Rating: :yellow_circle: MEDIUM :yellow_circle: → the underlying framework and the building blocks are audited, but the deployed custom multi-token variant has no located audit scoped to it and is flagged by the provider itself as outside the audited standard.

8. Dependencies

WETH on Monad rests on canonical Ethereum WETH as its backing asset, an immutable, battle-tested contract with no admin and deep liquidity, which is the strongest possible base dependency. Its other dependencies are the two bridge verifier networks (Wormhole core and guardians, and the Axelar gateway and validators), both reputable audited production systems, and the Chainlink ETH/USD feed for pricing. Redemption to Ethereum runs through the bridge, where the Monad WETH is burned and the Ethereum escrow released, subject to the rate limit and the two of two attestation. Any guardian-governed change to a peer, rate limit, pause, or upgrade is an observable on-chain transaction, but takes effect immediately, with no timelock window.

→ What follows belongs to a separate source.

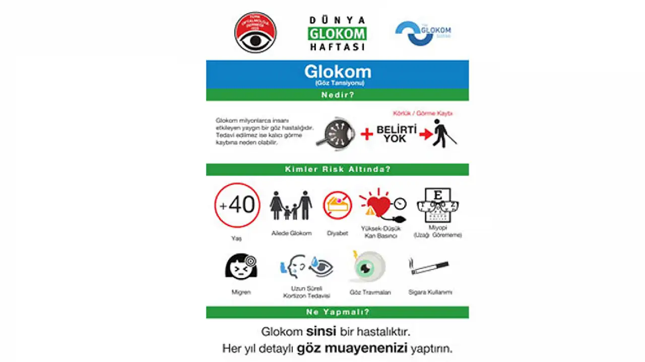 Dünya’da önlenebilir körlük nedenleri arasında ikinci sırada gösterilen glokoma yönelik farkındalığı arttırmak amacı ile her yıl düzenlenen ‘Dünya Glokom Haftası’ ile ilgili olarak yapılan açıklamada, glokoma karşı farkındalık uyandırılmasının ana amaçlardan biri olduğunu, ancak vatandaşların tümüne ulaşılmasının ve onları muayene etmenin mümkün olamadığını belirtildi. Glokom birimi tarafından yapılan açıklamada, “Glokom’a ya da halk arasında bilinen adıyla göz tansiyonuna 'gözün sinsi hırsızı' da denilebilir. En önemli nedeni göz küresi içinde artan göz içi sıvısı basıncı ile görme sinirinin zedelemesidir Hastalığın başlangıcında ciddi bir belirti yoktur. İlerlemiş hastalıkta önce çevreyi görme kabiliyetinde azalma oluşur, en son aşamada uzak ve yakın görme tamamen veya kısmen kaybedilebilir. Bütün bu kayıplar tedaviyle ne yazık ki tekrar geri kazanılmaz. Tedavinin amacı kötüye gidişin durdurulmasından ibarettir" denildi.
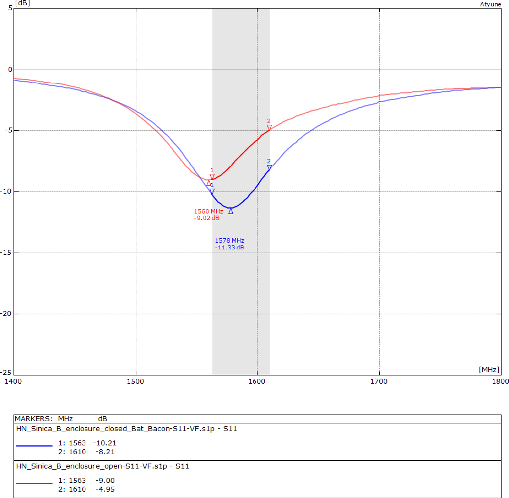 Furthermore, we add two markers at the peak of the red and blue Return Loss curve. The red peak is at with -9.02 dB at 1560 MHz and the blue peak is with – 11.33 dB at 1578 MHz. With the meat close to the GPS antenna we got a frequency jump of 18 MHz (1578 MHz – 1560 MHz).

Rating: :yellow_circle: MEDIUM :yellow_circle: → the base asset is excellent and the dependencies are reputable audited systems, but the bridge’s verifier and governance dependencies carry no on-chain timelock.

9. Summary

Findings table

Area Key finding Rating
0. Pre-screening Verified ERC-1967 proxy at 0xEE8c0E9f…1242; single registered WETH on Monad, bridged via the Monad Native Bridge; token implementation has not rotated, but no audit is scoped to the deployed implementations. Good
1. ERC20 Standard OpenZeppelin ERC20 with 18 decimals plus EIP-2612 permit; returns bool, no fee on transfer, no rebase, no hooks, no flash mint, no transfer restrictions; mint restricted to the bridge manager. Good
2. Oracle Live Chainlink ETH/USD feed on Monad (8 decimals, 1-hour heartbeat, Low Market Pricing Risk, fresh when read); prices WETH directly. Good
3. Access control Token has only a single minter (the bridge manager) and no owner, pauser, or blacklist; mint gated by two of two attestation, burn is holder-scoped; manager, transceivers, and transport are upgradeable by one guardian-governed module with no on-chain timelock. Medium
4. Exchange rate / yield Not yield-bearing; one to one bridged representation of Ethereum WETH; no exchange rate, no accrual, no CAPO requirement. N/A
5. Token architecture Single supply entry point (the bridge manager); supply bounded by two of two attestation and a refilling rate limit; no delegatecall, no tx.origin, no duplicate supply path. Good
6. Bridge and cross-chain Custom multi-token Wormhole NTT variant plus an Axelar transceiver, two of two verifiers, single live route Monad to Ethereum, escrow fully collateralises Monad supply; admin guardian-rooted, no timelock. Medium
7. Audit and security Standard single-token NTT framework and the Wormhole, Axelar, and Chainlink building blocks are audited; the deployed custom multi-token variant has no located audit scoped to it and is flagged by the provider as outside the audited standard. Medium
8. Dependencies Canonical Ethereum WETH (immutable, deep liquidity) as backing, Wormhole and Axelar as verifiers, Chainlink for pricing; redemption via the bridge; guardian-governed changes are observable but take effect with no timelock. Medium

Disclaimer

Aave Labs has no formal or informal affiliation with Monad, Wormhole, Axelar, or the WETH issuer beyond this technical assessment. Aave Labs has not been compensated by any of these parties or any related party in connection with this work.